🤖 AI Summary
This work investigates the fundamental expressive capacity and learning dynamics of bias-free ReLU networks. Method: Through rigorous theoretical analysis and symmetry-based modeling, we establish that two-layer bias-free ReLU networks can only represent linear odd functions; under symmetric data distributions, their gradient flow admits closed-form analytical solutions. We further construct an equivalence framework linking bias-free ReLU networks to linear networks across dynamic evolution, generalization behavior, and non-lazy training regimes. Contribution/Results: We prove that—even with increased depth or Leaky ReLU variants—such networks retain core properties of linear models.

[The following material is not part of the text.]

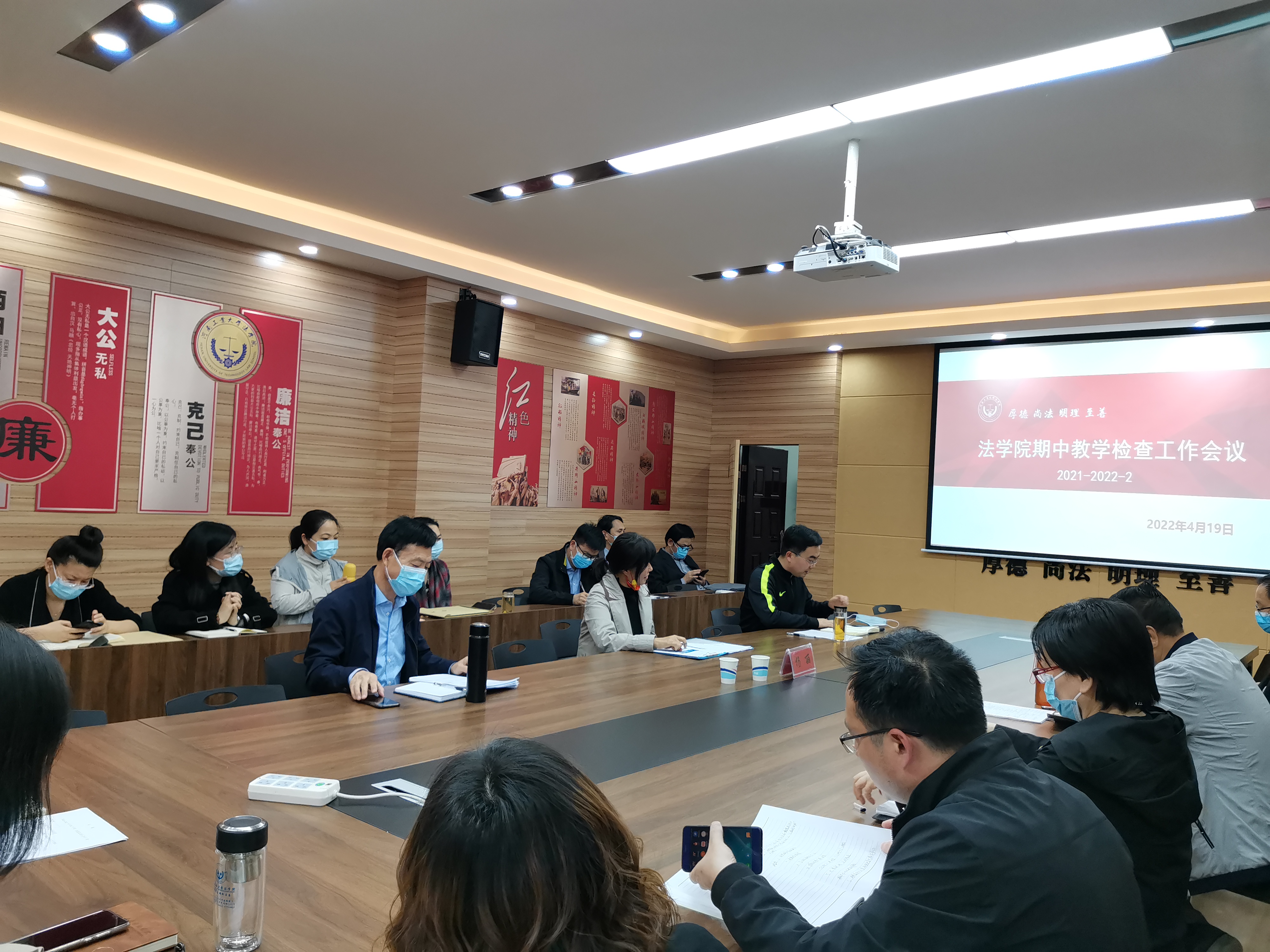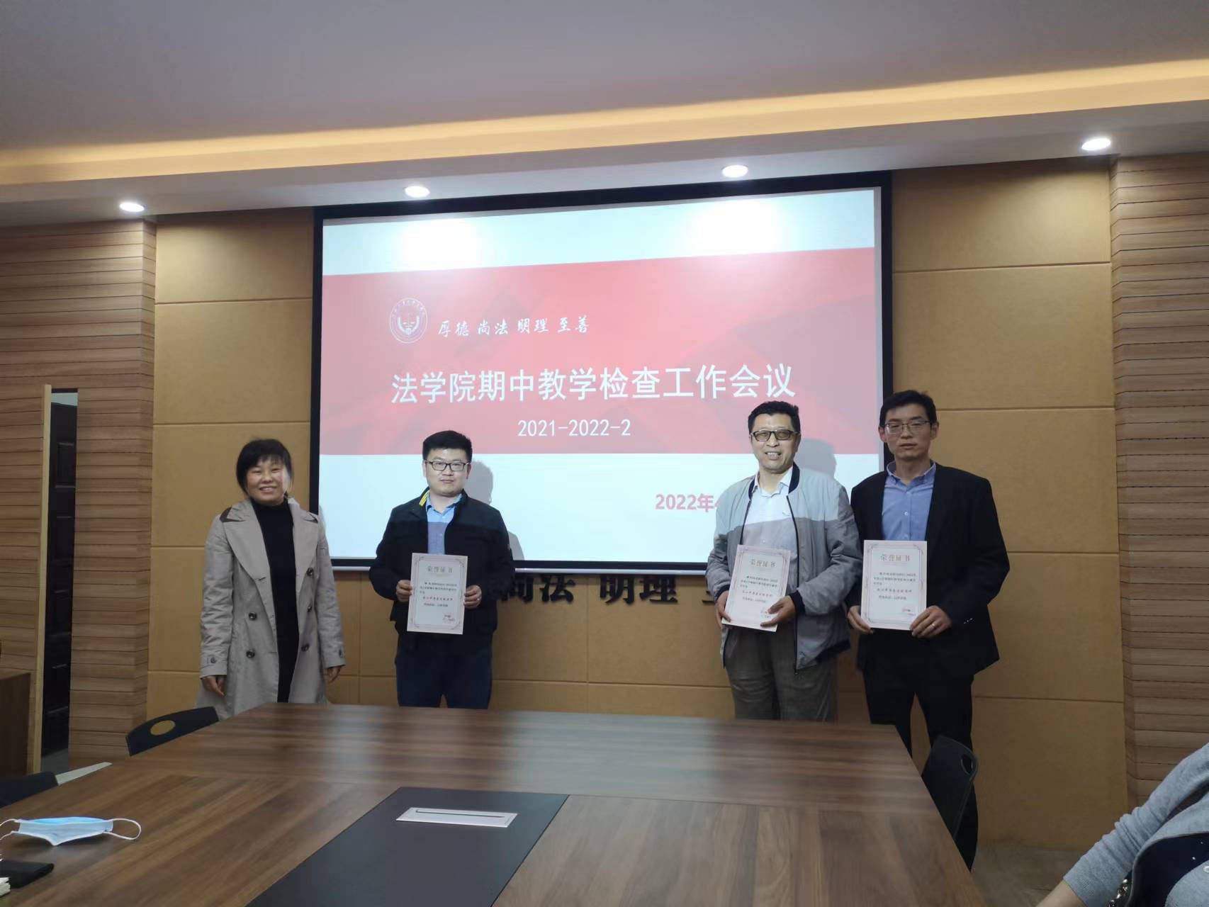 第二个阶段是召开期中教学检查教师座谈会。座谈会上,苏冬冬、毛凯良、侯文杰、李文江、黄延峰、翟新等老师就课程思政、知识传授、价值塑造等方面总结了自己的课堂教学。陈辉、谢应霞、王小鹏三位老师,打破行政班划分,创新教学模式,对2019级实践课《模拟审判》采用了集体备课、集体指导、集体考核的教学方法,合理安排授课内容,让学生都能找到自己学习的兴趣点,学生学习的积极性很高。

Our findings provide a novel theoretical lens for understanding latent linear mechanisms in “apparently nonlinear” neural networks, revealing how structural constraints (e.g., absence of bias) fundamentally shape both expressivity and optimization landscapes.
📝 Abstract
We investigate the implications of removing bias in ReLU networks regarding their expressivity and learning dynamics. We first show that two-layer bias-free ReLU networks have limited expressivity: the only odd function two-layer bias-free ReLU networks can express is a linear one. We then show that, under symmetry conditions on the data, these networks have the same learning dynamics as linear networks. This enables us to give analytical time-course solutions to certain two-layer bias-free (leaky) ReLU networks outside the lazy learning regime. While deep bias-free ReLU networks are more expressive than their two-layer counterparts, they still share a number of similarities with deep linear networks. These similarities enable us to leverage insights from linear networks to understand certain ReLU networks. Overall, our results show that some properties previously established for bias-free ReLU networks arise due to equivalence to linear networks.